제6항에 있어서,The method of claim 6,

학습을 시킬 영상들은 동일한 수로 얼굴이 있는 영상집합과 얼굴이 없는 영상집합으로 구분하여 구성하고 얼굴이 있는 영상집합은 정면 얼굴, 회전된 얼굴, 손등으로 얼굴의 일부 영역을 가린 얼굴, 조명조건을 달리한 얼굴로 구성하는 방법The images to be trained are divided into the same number of face sets and the faceless set of images, and the faced image sets are the face covered by the front face, rotated face, hands, etc.
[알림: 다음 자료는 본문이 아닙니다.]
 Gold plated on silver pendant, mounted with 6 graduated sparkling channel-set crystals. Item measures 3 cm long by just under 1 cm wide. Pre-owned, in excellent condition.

How to make up your face

제2항에 있어서,The method of claim 2,

(e)단계에서 (d)단계에서 학습된 결과를 이용하여 얼굴 영역을 분류하는 방법How to classify face areas using the results learned in step (e)

제8항에 있어서,The method of claim 8,

얼굴과 비얼굴을 구분하는 각 단계별 분류기에서 역치값(Threshold)은 단계별로 사용된 특징값들의 평균을 이용하여 사용하는 방법Threshold is used in each stage classifier that distinguishes face and non-face using average of feature values used in each stage.